In our case, we will predict tomorrow's temperature using today's temperature. This will give us the equation

Tomorrow = b * (Today) + a

Using our data from 2019, we will fit this model to our data. By that, we mean that we will learn the value of a and b that best match our data.

In [None]:
# code to set up the 1 variable simple linear regression

temps = np.array(train_data["tempC"], float)

# Shift temperatures so for any row, today_temp has todays temp
# And tomorrow_temp has the temperature for the next day
today_temp = temps[:-1]
tomorrow_temp = temps[1:]

x = np.array([today_temp]).T
y = tomorrow_temp

simple_reg = LinearRegression().fit(x, y)

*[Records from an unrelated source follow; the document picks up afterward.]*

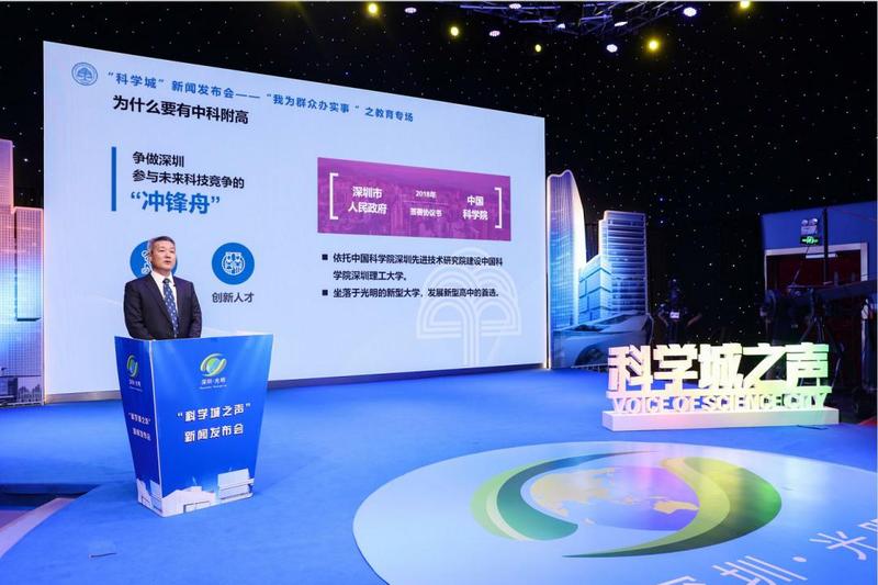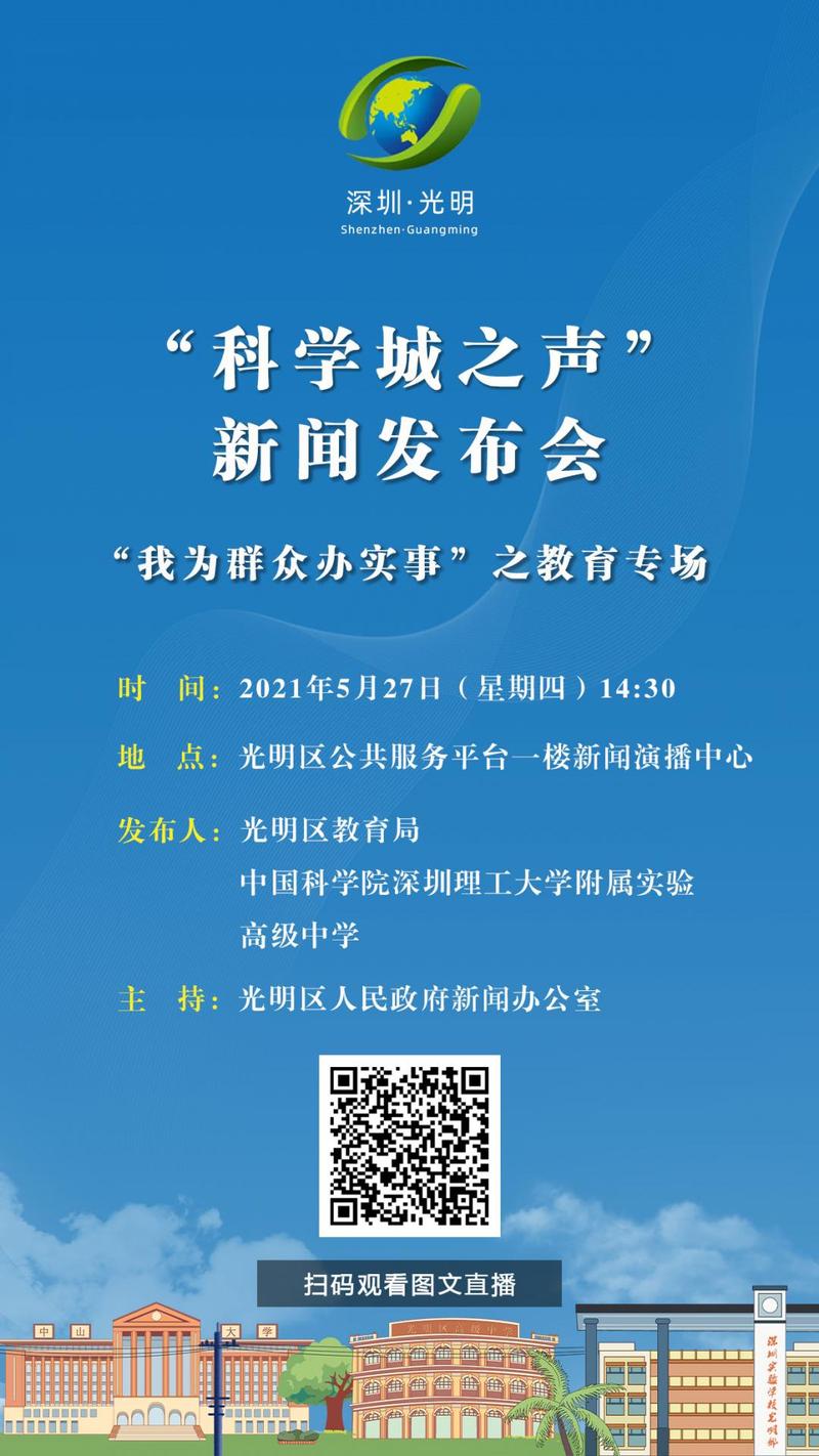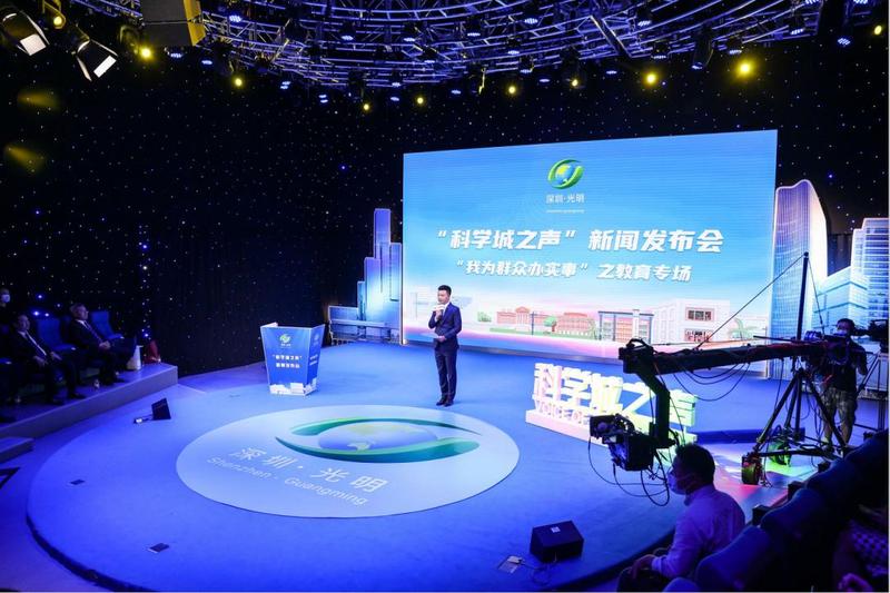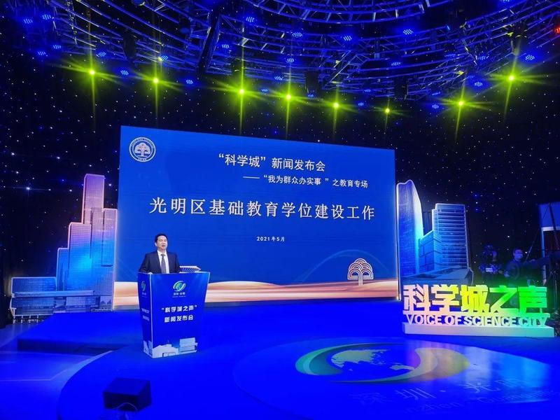 5月27日下午,光明区举行“科学城之声”新闻发布会——“我为群众办实事”之教育专场,全面解读光明学位建设、招生政策,以及中科院深圳理工大学附属实验高级中学(以下简称“中科附高”)办学特色,并现场回答记者、网友提问。区委宣传部分管负责人,区教育局、中国科学院深圳理工大学附属实验高级中学新闻发言人,部分区人大代表、政协委员、家长代表、媒体记者代表参加发布会。
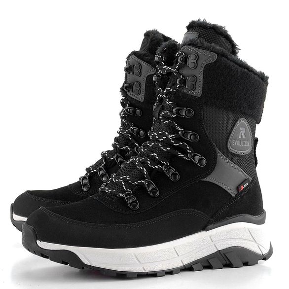 Teplé, komfortní a skvěle vybavené dámské kotníkové boty od značky Rieker Revolution. Tato obuv z nové produktové řady R-EVOLUTION je lehká, neuvěřitelně měkká, pružná a pohodlná. Svršek tvoří kombinace semišové kůže a textilie, špička je chráněna syntetikou. Černá barva se šedými doplňky dodává botám elegantní vzhled.
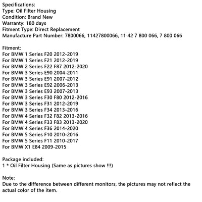 Oil Filter Housing 7800066 Fit BMW F20 F21 2011-2019 F22 F87 2012-2020 E90
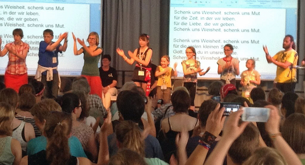 Am Ende wurde das eingeübte Lied gemeinsam gebärdet, wozu auch einige Telnehmende auf die Bühne kamen. Die Strophen wurden von kleineren Gruppen übernommen, der Refrain gemeinsam gestaltet. Zum Schluss gab es tosenden Applaus, auch der natürlich in Gebärdensprache.
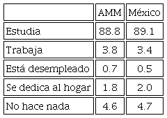 Por tipo de actividad, se observa que 88.8% de los adolescentes en el AMM estudiaba, mientras en la media nacional esta proporción se ubicaba en 89.1%; de los adolescentes del AMM 3.8% trabajaba y, por su parte, en la media nacional esta proporción era 3.4%; el desempleo en el AMM era 0.7%, mientras que en la media nacional era 0.5%; 2% de los adolescentes de México y 1.8% de los del AMM se dedicaban al hogar; finalmente, el porcentaje de adolescentes que declaraban no hacer nada, es decir, que podrían ser clasificados como “Ninis”, era 4.6% en el AMM y 4.7% en la media nacional en 2014 (Tabla 1).
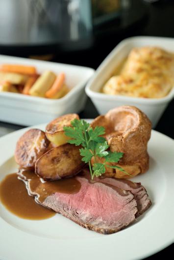 Our à la carte evening menus feature a wide choice of starters, mains, and desserts, made with seasonal ingredients and, wherever possible, herbs and vegetables from our own gardens. Around shared dining tables, dinners are relaxed occasions, with drinks available to order at the table or from the bar, and a traditional Sunday roast to round off the week.
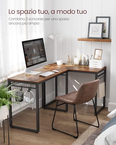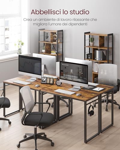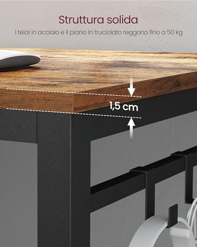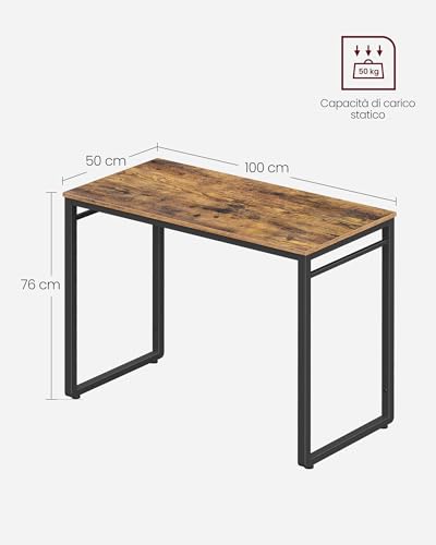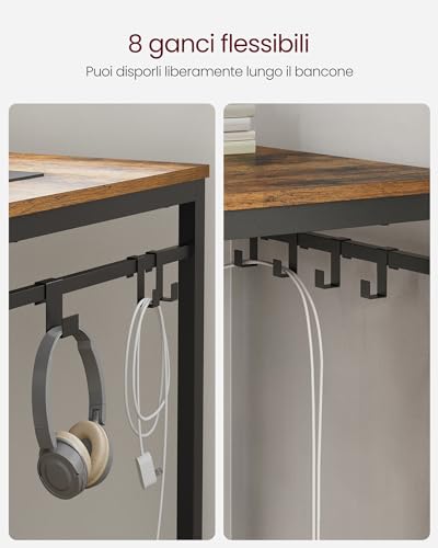 VASAGLE - مكتب كمبيوتر وكتابة من فاساجيل، طاولة مع 8 خطافات، الأبعاد 50 سم × 1 م × 76 سم، مناسب للدراسة وغرفة النوم، سهل التجميع، مصنوع من الصلب، تصميم صناعي، باللون البني الريفي والحبر الأسود، موديل LWD045B01
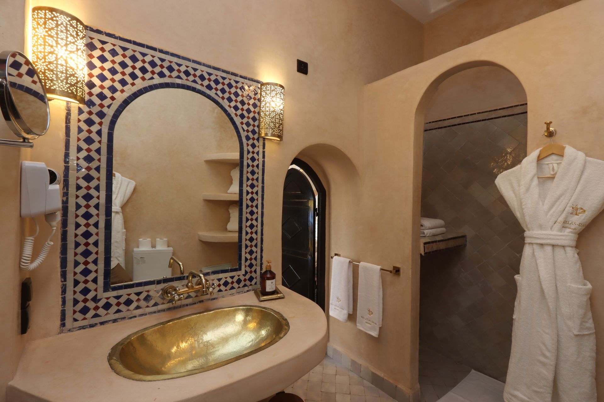 Une parenthèse enchantée au cœur de Marrakech niché dans la médina, au cœur du quartier authentique du Riad Larousse, le Riad Atlas Mejbar est un véritable havre de paix récemment restauré dans la pure tradition marocaine. Un des seuls Riads de Marrakech où vous aurez un accès direct devant en voiture ainsi qu'un parking à 30 m. Sa situation privilégiée vous permet de rejoindre Dar El Bacha en seulement 5 minutes, la mythique place Jemaa el-Fna à moins de 10 minutes, et l'aéroport en 15 minutes, facilitant ainsi tous vos déplacements. Dès votre arrivée, laissez-vous charmer par le patio luxuriant, où une piscine chauffée et une fontaine murmurante vous invitent à la détente. Envie d'un moment suspendu ? Direction la terrasse panoramique, où s'offre à vous le spectacle des toits de la médina et de la majestueuse Koutoubia ainsi que les montagnes de l'Atlas. Asseyez-vous sur un transat confortable, dégustez un cocktail ou un thé à la menthe au bar et laissez la magie opérer. Un confort raffiné et authentique Le riad propose quatre suites et quatre chambres, conçues pour allier élégance et bien-être. Une expérience sensorielle inoubliable Commencez votre journée par un petit-déjeuner aux saveurs marocaines, servi en terrasse ou au bord de la piscine, selon vos envies. A l'heure du déjeuner ou du dîner, savourez les délices de la cuisine marocaine, préparée sur place avec des ingrédients frais et locaux. Expériences uniques au cœur de Marrakech Envie de découvrir Marrakech autrement ? L'équipe du Riad Atlas Dama est à votre disposition pour organiser des expériences sur mesure : balades en vélo électrique, balades en calèche, ou encore excursions soigneusement sélectionnées pour découvrir la ville et ses trésors cachés. Laissez-vous séduire par l'authenticité, le charme et l'élégance du Riad Atlas Dama. Plus qu'un séjour, une véritable immersion dans l'art de vivre marocain vous attend.
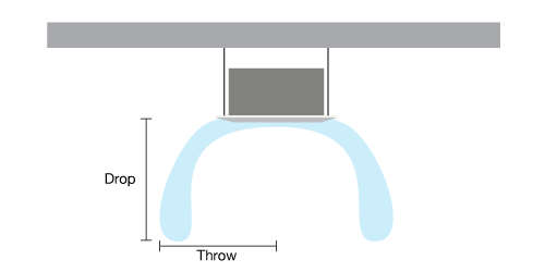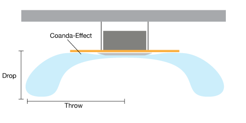 Het Coanda-effect is een natuurkundig fenomeen dat ervoor zorgt dat een luchtstroom zich aan een oppervlak “hecht” en erlangs volgt in plaats van direct naar beneden te vallen. Hierdoor kan de lucht zich gelijkmatig verspreiden en zacht mengen met de ruimtelucht, wat zorgt voor een comfortabele en tochtvrije temperatuurverdeling.
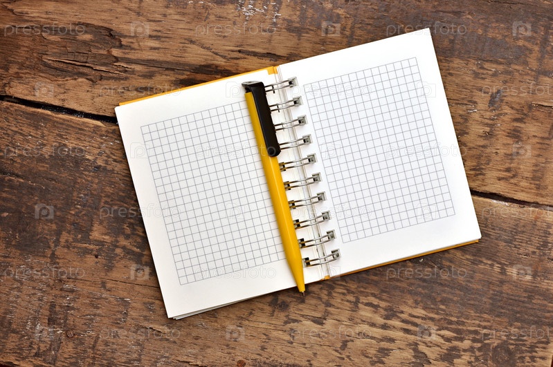 Тетрадь и ручка на старом столе
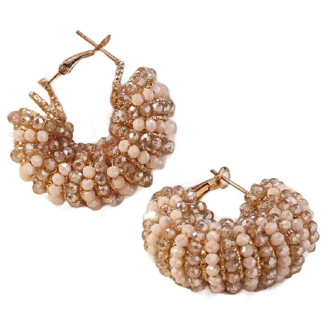1 1/4 metal and glass bead mini hoop earrings. Modern, 2-3 week delivery.
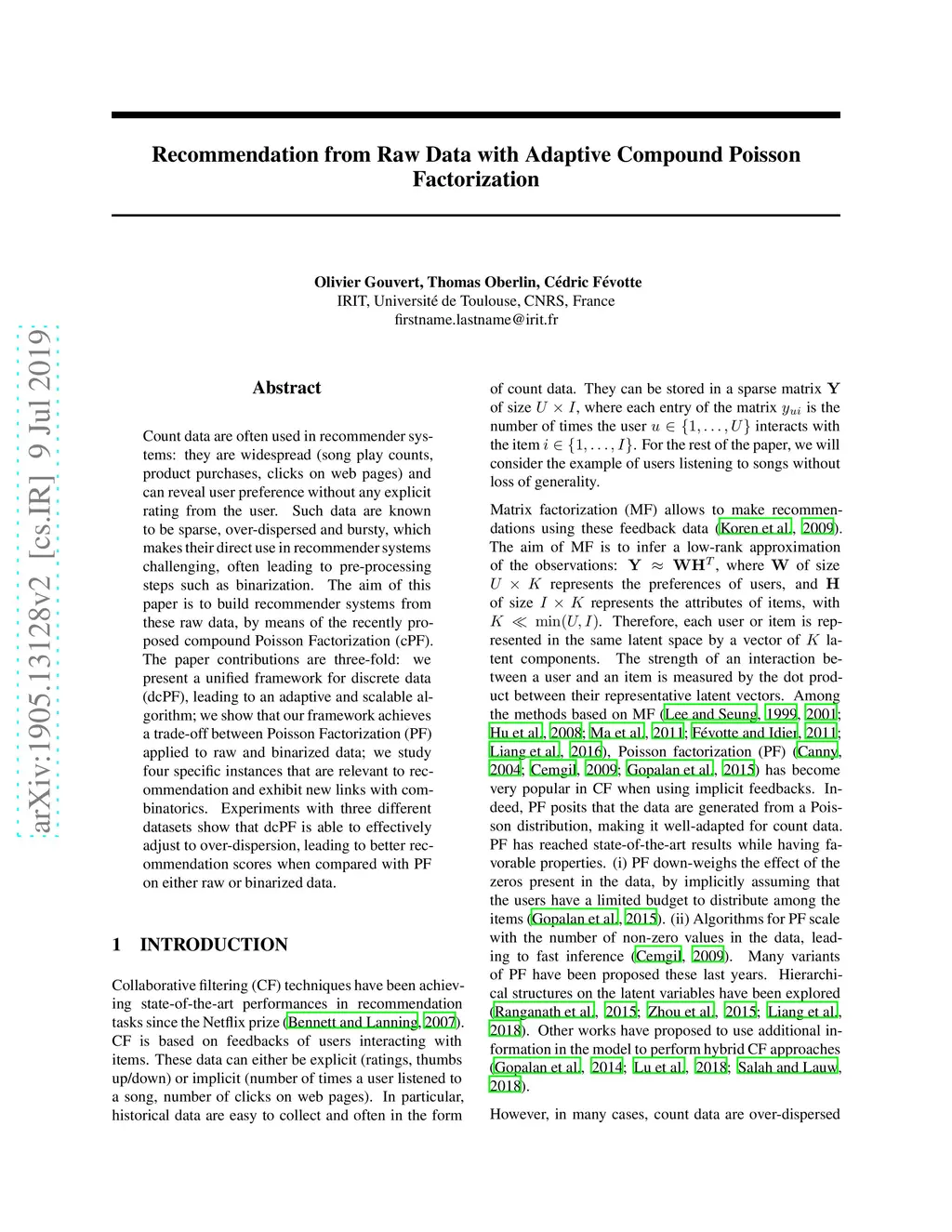 Count data are often used in recommender systems: they are widespread (song play counts, product purchases, clicks on web pages) and can reveal user preference without any explicit rating from the user. Such data are known to be sparse, over-dispersed and bursty, which makes their direct use in recommender systems challenging, often leading to pre-processing steps such as binarization. The aim of this paper is to build recommender systems from these raw data, by means of the recently proposed compound Poisson Factorization (cPF). The paper contributions are three-fold: we present a unified framework for discrete data (dcPF), leading to an adaptive and scalable algorithm; we show that our framework achieves a trade-off between Poisson Factorization (PF) applied to raw and binarized data; we study four specific instances that are relevant to recommendation and exhibit new links with combinatorics. Experiments with three different datasets show that dcPF is able to effectively adjust to over-dispersion, leading to better recommendation scores when compared with PF on either raw or binarized data.
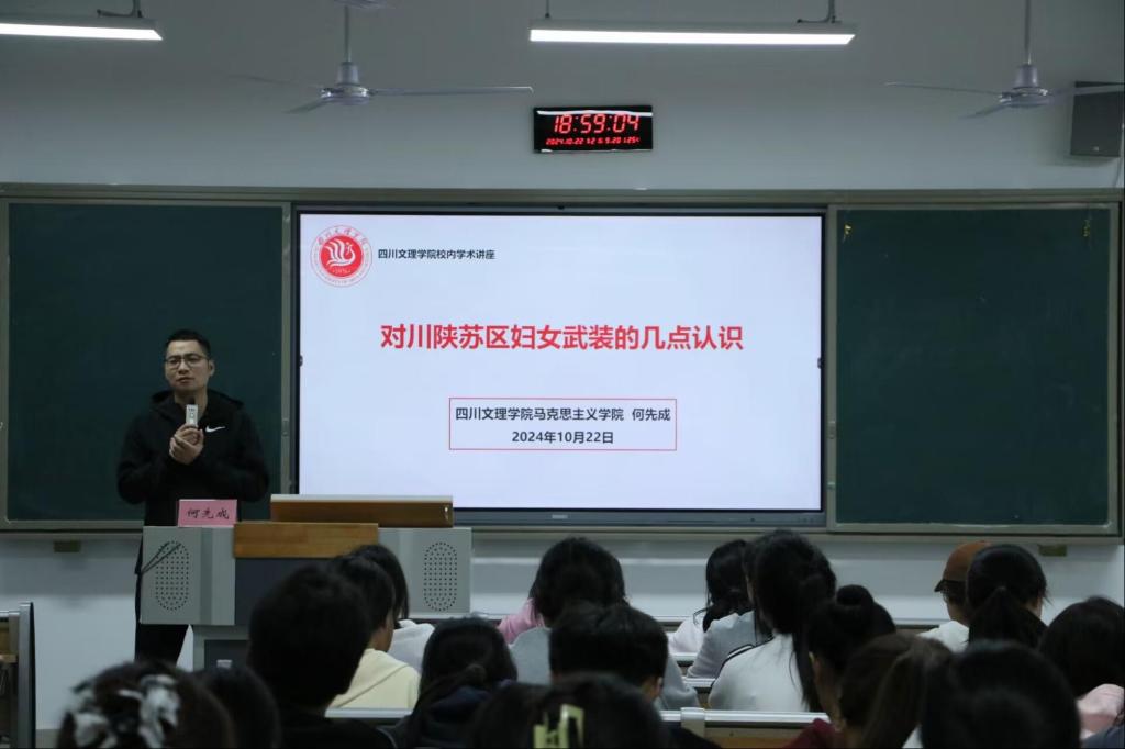 为让同学们深入了解“家门口”的红色历史文化,传承弘扬川陕苏区“红军精神”,引导同学们树立扎根革命老区、扎根基层的意识,10月22日晚,马克思主义学院副院长何先成在东区B304教室为taptap学生作题为《对川陕苏区妇女武装的几点认识》的学术讲座,学院大一、大二年级100余名学生聆听讲座。

# Prints regression equation
coefficients = simple_reg.coef_
coefficient = coefficients[0]
intercept = simple_reg.intercept_
correlation = simple_reg.score(x,y)
print('slope is %f' %(coefficient))
print('intercept is %f' %(intercept))
print('correlation is %f' %(correlation))
print('y-hat = %fx + %f explains about %f%% of variation' %(coefficient, intercept, correlation*100))



## Graph
Plot the regression with today's temperature versus tomorrows's temperature

In [None]:
# Points on the regression line
xplt = np.array([min(x) - 2, max(x) + 2])          
yhat = simple_reg.predict(xplt)

# Create plot
plt.plot(x,y,'o')                    # Plot the data points
plt.plot(xplt,yhat,'-',linewidth=3)  # Plot the regression line
plt.xlabel('Today\'s temperature °C')
plt.ylabel('Tomorrow\'s temperature °C')
plt.suptitle('Today\'s Temperature vs Tomorrow\'s Temperature in °C')
plt.grid(True)
plt.savefig('linear_reg.png')
plt.show()

Plot the simple linear regression model's prediction for each day of 2019.

In [None]:
# Points on the regression line
yhat = simple_reg.predict(x)
day = range(len(today_temp))
dayplt = range(len(yhat))

# Create plot
plt.plot(day,y,'o')                    # Plot the data points
plt.plot(dayplt,yhat,'-',linewidth=3)  # Plot the regression line
plt.xlabel('Day')
plt.ylabel('Temperature °C')
plt.suptitle('Predicting Temperature in °C')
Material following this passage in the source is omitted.